The choice of Asha Bhosle was definitely right as the singer in “Prem Mein Tohre”, which can easily be categorized as a semi-classical number and it has Anu Malik stamp all over it. What works is the pace of the song, which steadily brings the assortment of musical instruments like tabla, sarod and sitar to elevate the track. The rendition by the legendary singer is exemplary. The sharp programming (Hitesh Modak) gives the number a unique feel and makes listeners feel the past era. The tune is neat and does not deviate too much.
“Prem Mein Tohre (Reprise)” by Kavita Seth has a twist to it as the voice of the singer makes it sound like simply another number. In her own style, she adds her own charm to it. The difference between the two voices actually is what separates the two numbers in distinction. This version sounds more suited for the visuals. The arrangements are similar to the original.
High pitched renditions are at rendez-vous in the long “Aazaadiyan”, which perfectly captures the main essence of the movie. With Rahat Fateh Ali Khan and Sonu Nigam at the forefront of singing, they eventually bring the required gusto and emotions into a track, which are essentially needed and they do it well. The shehnai is heard predominately in the background and although the arrangements are well synched, the track would work mostly on screen, despite good performances and a situational tune.
Talking about situational tunes, “Holi Khelein” reunites Shreya Ghoshal with the composer after ages and the collaboration, along with his daughter Anmol Malik, produces a conventional Holi track. The veteran composer does not neglect both interludes while the flute is used aptly in the background. Although the piece does not contain all the commercial Bollywood ingredients to make it to the charts, it does have a good feel to it, with the help of talented Anmol Malik who puts some punch to the ‘mukhda’.
“O Re Kaharo” by Kalpana Patowary and Altamash Faridi follow the situational template, earlier created, but does not divert from the main plot. The ‘heard-before’ feeling is apparent at several places but this does not mean that Anu Malik did not invest efforts into creating a fresh tune. Both singers’ performances are above average and the track manages to bring listeners back in time.
“Woh Subah” (Bonus Track) by Arijit Singh and Shreya Ghoshal is a simplified take on the Mukesh and Asha Bhosle’s evergreen number in ‘Phir Subah Hogi’ (1958). The arrangements are passable and the singing is routine.
Arijit Singh’s “Murshida” (Bonus Track) engages the listener from start to finish.
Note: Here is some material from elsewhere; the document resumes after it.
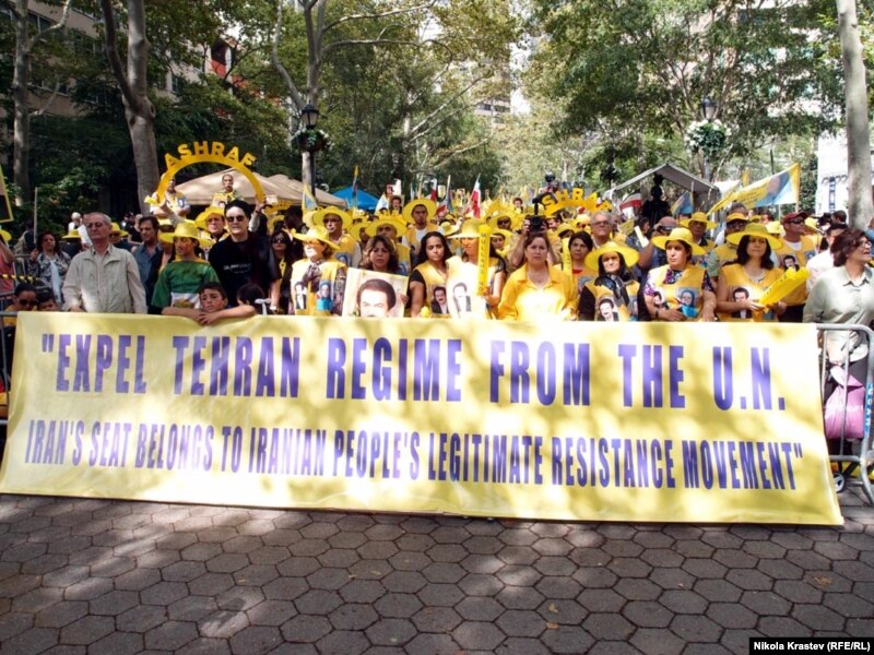 The rally was organized by the Association of Iranian-Americans in New York and took place on Dag Hammarskjold Plaza, across from the sprawling UN complex on the East River. Speakers included former U.S. Homeland Security Secretary Tom Ridge and former U.S. Ambassador to the UN John Bolton.

It is a pleasing, melodious and soft number, which equates with brilliance and talent. The crisp arrangements and the high pitched rendition by the talented singer uplifts the tune to another level. The track is not ground-breaking but it immerses connoisseurs of music into the voice, tune and music. Written by Rahat Indori, it has an old Anu Malik charm to it. That’s enough for a feel-good factor!
‘Begum Jaan’ brings an Anu Malik which again shows talent at many places. While “Prem Mein Tohre” and “Aazaadiyan” show the depth of his tunes, the other songs fit the script. Should there have been more exposure to compose melodious numbers like “Murshida”, the veteran composer would have shown a larger repertoire but for the small-budget movie, the composer, along with lyricist Kausar Munir, they have managed to deliver songs which will mostly move the story ahead while satisfying fans of an era.